=== What the task requires ===
With the images removed, repeat the data below exactly.

Start of The records

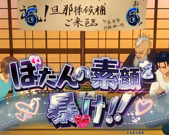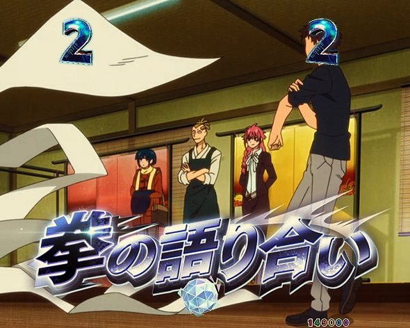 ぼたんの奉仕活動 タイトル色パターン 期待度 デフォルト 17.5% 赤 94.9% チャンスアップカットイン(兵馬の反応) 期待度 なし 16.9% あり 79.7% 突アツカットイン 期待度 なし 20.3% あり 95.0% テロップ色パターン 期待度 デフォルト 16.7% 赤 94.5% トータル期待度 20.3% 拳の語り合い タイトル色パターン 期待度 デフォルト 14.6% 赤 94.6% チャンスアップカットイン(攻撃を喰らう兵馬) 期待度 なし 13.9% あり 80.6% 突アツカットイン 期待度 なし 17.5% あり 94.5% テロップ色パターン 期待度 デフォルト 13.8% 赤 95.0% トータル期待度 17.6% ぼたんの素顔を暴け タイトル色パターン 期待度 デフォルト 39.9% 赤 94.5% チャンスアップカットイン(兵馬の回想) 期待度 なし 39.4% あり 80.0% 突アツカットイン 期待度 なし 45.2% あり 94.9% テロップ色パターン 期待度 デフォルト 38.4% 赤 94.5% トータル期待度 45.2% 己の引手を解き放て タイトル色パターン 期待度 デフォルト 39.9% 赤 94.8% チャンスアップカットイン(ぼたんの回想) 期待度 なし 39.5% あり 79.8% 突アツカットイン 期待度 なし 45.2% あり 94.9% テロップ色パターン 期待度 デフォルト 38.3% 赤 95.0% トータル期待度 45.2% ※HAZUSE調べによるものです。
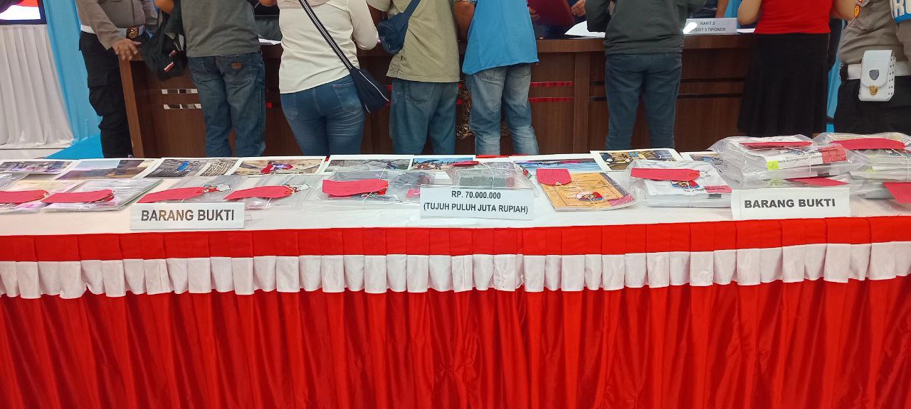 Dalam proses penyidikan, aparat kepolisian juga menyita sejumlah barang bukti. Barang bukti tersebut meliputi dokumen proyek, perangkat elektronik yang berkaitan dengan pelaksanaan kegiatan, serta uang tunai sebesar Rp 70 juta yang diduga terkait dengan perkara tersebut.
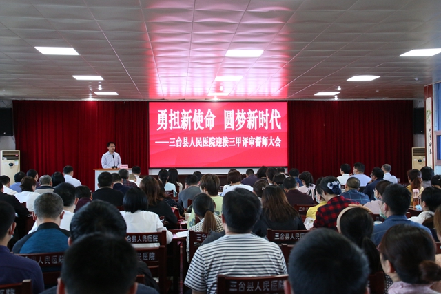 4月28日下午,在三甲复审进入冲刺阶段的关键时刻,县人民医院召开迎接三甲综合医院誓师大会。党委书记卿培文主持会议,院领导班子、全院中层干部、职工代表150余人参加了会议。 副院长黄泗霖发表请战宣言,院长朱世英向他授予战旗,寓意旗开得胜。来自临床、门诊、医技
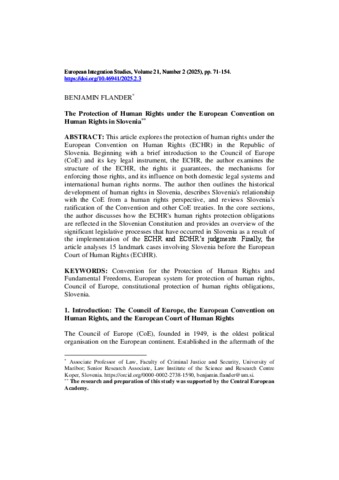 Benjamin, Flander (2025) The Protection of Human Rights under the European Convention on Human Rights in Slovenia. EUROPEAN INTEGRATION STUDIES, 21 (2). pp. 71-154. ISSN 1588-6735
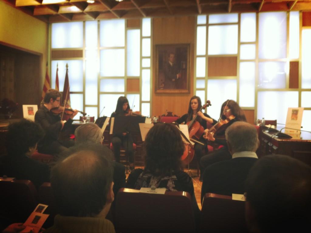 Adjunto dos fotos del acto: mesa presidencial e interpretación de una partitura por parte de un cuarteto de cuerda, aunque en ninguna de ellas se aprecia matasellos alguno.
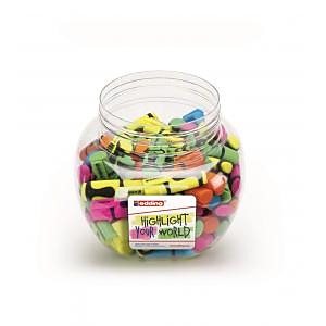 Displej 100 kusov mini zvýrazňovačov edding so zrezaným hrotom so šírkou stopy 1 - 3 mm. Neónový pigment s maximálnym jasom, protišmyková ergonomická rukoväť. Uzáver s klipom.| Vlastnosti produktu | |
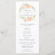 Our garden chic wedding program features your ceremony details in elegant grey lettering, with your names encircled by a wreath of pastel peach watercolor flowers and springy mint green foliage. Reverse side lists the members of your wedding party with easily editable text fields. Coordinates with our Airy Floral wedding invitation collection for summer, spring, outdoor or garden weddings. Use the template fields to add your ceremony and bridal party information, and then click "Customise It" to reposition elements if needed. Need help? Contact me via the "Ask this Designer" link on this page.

End of The records

=== Response below ===
 ぼたんの奉仕活動 タイトル色パターン 期待度 デフォルト 17.5% 赤 94.9% チャンスアップカットイン(兵馬の反応) 期待度 なし 16.9% あり 79.7% 突アツカットイン 期待度 なし 20.3% あり 95.0% テロップ色パターン 期待度 デフォルト 16.7% 赤 94.5% トータル期待度 20.3% 拳の語り合い タイトル色パターン 期待度 デフォルト 14.6% 赤 94.6% チャンスアップカットイン(攻撃を喰らう兵馬) 期待度 なし 13.9% あり 80.6% 突アツカットイン 期待度 なし 17.5% あり 94.5% テロップ色パターン 期待度 デフォルト 13.8% 赤 95.0% トータル期待度 17.6% ぼたんの素顔を暴け タイトル色パターン 期待度 デフォルト 39.9% 赤 94.5% チャンスアップカットイン(兵馬の回想) 期待度 なし 39.4% あり 80.0% 突アツカットイン 期待度 なし 45.2% あり 94.9% テロップ色パターン 期待度 デフォルト 38.4% 赤 94.5% トータル期待度 45.2% 己の引手を解き放て タイトル色パターン 期待度 デフォルト 39.9% 赤 94.8% チャンスアップカットイン(ぼたんの回想) 期待度 なし 39.5% あり 79.8% 突アツカットイン 期待度 なし 45.2% あり 94.9% テロップ色パターン 期待度 デフォルト 38.3% 赤 95.0% トータル期待度 45.2% ※HAZUSE調べによるものです。
 Dalam proses penyidikan, aparat kepolisian juga menyita sejumlah barang bukti. Barang bukti tersebut meliputi dokumen proyek, perangkat elektronik yang berkaitan dengan pelaksanaan kegiatan, serta uang tunai sebesar Rp 70 juta yang diduga terkait dengan perkara tersebut.
 4月28日下午,在三甲复审进入冲刺阶段的关键时刻,县人民医院召开迎接三甲综合医院誓师大会。党委书记卿培文主持会议,院领导班子、全院中层干部、职工代表150余人参加了会议。 副院长黄泗霖发表请战宣言,院长朱世英向他授予战旗,寓意旗开得胜。来自临床、门诊、医技
 Benjamin, Flander (2025) The Protection of Human Rights under the European Convention on Human Rights in Slovenia. EUROPEAN INTEGRATION STUDIES, 21 (2). pp. 71-154. ISSN 1588-6735
 Adjunto dos fotos del acto: mesa presidencial e interpretación de una partitura por parte de un cuarteto de cuerda, aunque en ninguna de ellas se aprecia matasellos alguno.
 Displej 100 kusov mini zvýrazňovačov edding so zrezaným hrotom so šírkou stopy 1 - 3 mm. Neónový pigment s maximálnym jasom, protišmyková ergonomická rukoväť. Uzáver s klipom.| Vlastnosti produktu | |
 Our garden chic wedding program features your ceremony details in elegant grey lettering, with your names encircled by a wreath of pastel peach watercolor flowers and springy mint green foliage. Reverse side lists the members of your wedding party with easily editable text fields. Coordinates with our Airy Floral wedding invitation collection for summer, spring, outdoor or garden weddings. Use the template fields to add your ceremony and bridal party information, and then click "Customise It" to reposition elements if needed. Need help? Contact me via the "Ask this Designer" link on this page.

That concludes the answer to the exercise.